Staff recruitment changes
S&T reviewed all areas of recruitment practice, including: advertising, language, unconscious bias, staff support, retention and BAME staff experience. (5.2) Consequently, a Recruitment Working Group was formed and a new action plan devised to promote diversity across all areas of recruitment – this is now policy across all six teams in Tate’s Learning department. (5.1) A new Terms of Reference document (5.6) and a Commitments Document were created establishing principles for positive action – now part of the induction pack for all Learning staff. Its first section states: ‘ ACT NOW We will employ more BAME, non-binary, queer, trans** and disabled artists’. (5.7)
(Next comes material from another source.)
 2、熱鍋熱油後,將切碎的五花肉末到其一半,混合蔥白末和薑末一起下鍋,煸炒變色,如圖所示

Changes to recruitment for workshop artists
S&T ‘ totally changed the way that we recruit new artists into the programme’ (5.9), [taking] positive action to encourage applications from black, ethnic minority, and disabled applicants as these groups are currently underrepresented in the cultural sector.’ (5.2) Since 2016, working with HR, the diversity manager, and Tate’s BAME network, S&T have used a nomination process to recruit workshop artists, ‘ to better welcome, support and include BAME and disabled artists when at Tate.’ (5.2) Due to increased recruitment of BAME and disabled artists, 150,000 teachers and students (5.9) now work directly with, or receive resources created by, a more diverse range of practitioners. Curator Amy McKelvie says this has enriched the experience of hundreds of thousands of teacher/student-visitors, expanding ideas of what art is and who can be an artist. (5.9)
Reflecting on the impact of Offeh’s 2013 Summer School on Tate’s S&T’s policies, Turvey said: ‘ it really has transformed our team practice, from recruitment of staff, to how we programme, who we work with, how we can diversify what artists we share, which artists we work with … he did have a real impact.’ (5.1) In 2019 Offeh’s contribution to society was recognised with a £60,000 Paul Hamlyn Visual Arts Award. (5.9)
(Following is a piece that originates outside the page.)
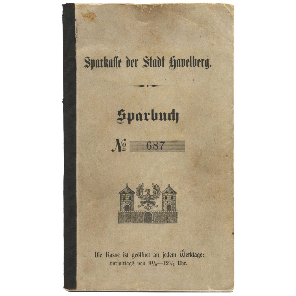 Vor genau 170 Jahren eröffnete Havelberg in Brandenburg eine eigene Sparkasse. Brandenburg? Ja, bis zur Gebietsreform in der DDR 1952 gehörte die Stadt zu diesem Land und zwar zur Prignitz. Seit 1990 liegt sie nun in Sachsen-Anhalt. Auf die historische Zugehörigkeit zum Nachbarland verweist noch heute das fast 400 Jahre alte Stadtwappen. Es ziert der märkische Adler. Dieser schwebt zwischen zwei Türmen über dem geschlossenen Tor der Stadtmauer. Das brandenburgische Wappentier findet sich auch auf zwei alten Havelberger Sparkassenbüchern in unserem Archivbestand. Das dekorativere Exemplar sehen Sie hier.

5. Sources to corroborate the impact
5.1 Interview transcript: Turvey, L. (2020) Interview with Leanne Turvey, Schools and Teachers Programme Curator, Tate. Interviewed by Z. Worth for Leeds Beckett University, 29 March.
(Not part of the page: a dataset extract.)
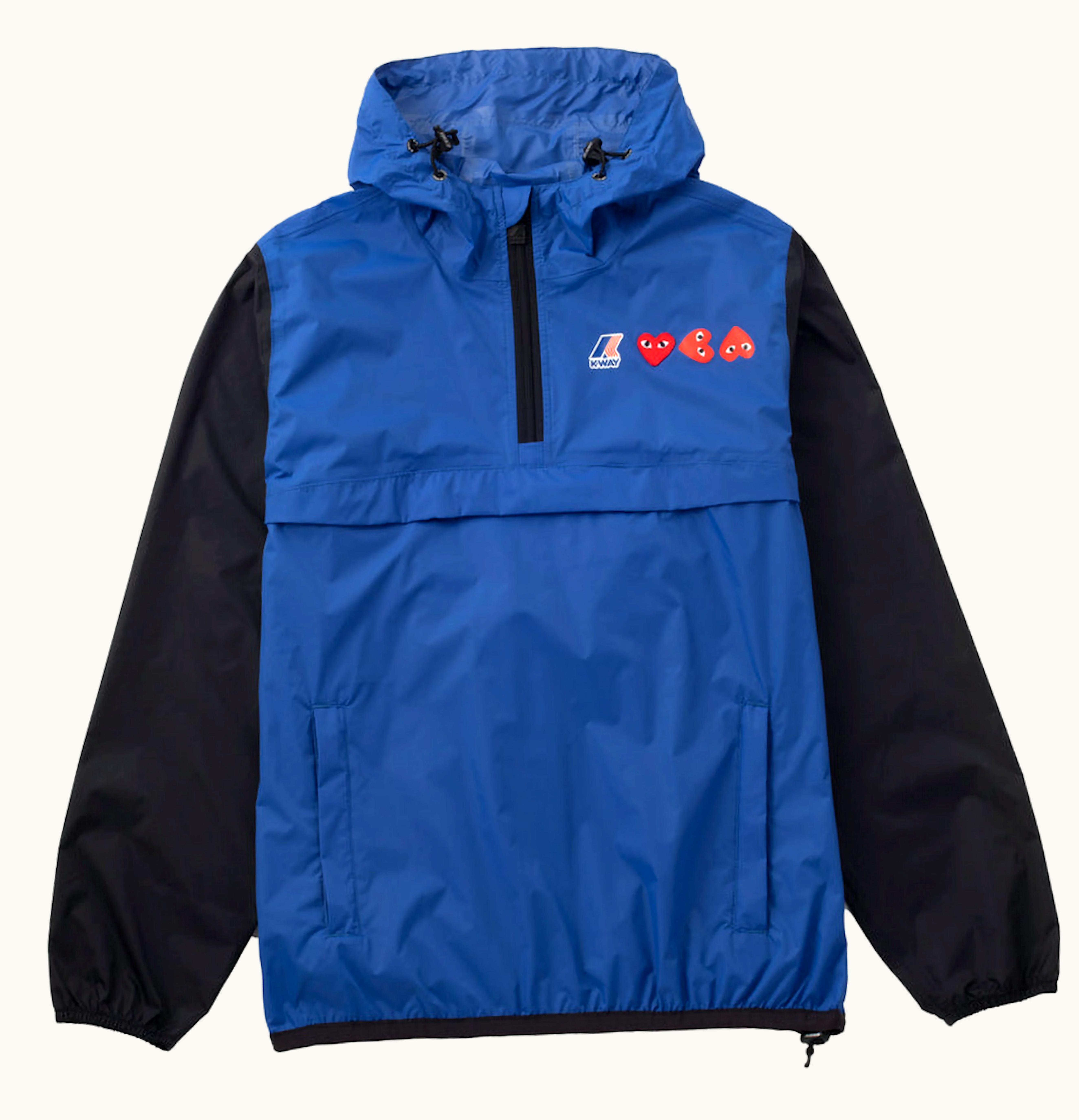 CDG Play x K Way Logos Half Zip Jacket Blue Black | GLINT

5.2 Internal Report: Tate Learning Schools and Teachers Team (2018) Narrative of development of a re-focusing of the Schools and Teachers programme to foster a more inclusive invitation to people from BAME backgrounds, London: Tate Britain & Tate Modern.
5.3 Details of Study Day: Tate Learning (2015) Art and Language, London: Tate Britain, 20 March, [Study Day convened by Evan Ifekoya and Professor Uvanney Maylor].
5.4 Student Resources: Ifekoya, E. (2015) Learning Resources, ‘B is for Black’ and ‘O is for Ori’, Tate Britain, London: Tate.
5.5 Teachers’ Resource: Ifekoya, E. (2016) Learning Resources, ‘Key Words’, Tate Britain, London: Tate.
5.6 Internal document: Tate Learning, (2017) Terms of Reference, London: Tate Britain & Tate Modern.
5.7 Staff induction document: Tate Learning, (2017) Commitments, London: Tate Britain & Tate Modern.
5.8 Interview transcript: McKelvie, A. (2020) Interview with Amy McKelvie, Schools and Teachers Programme Curator, Tate. Interviewed by Z. Worth for Leeds Beckett University, 12 June.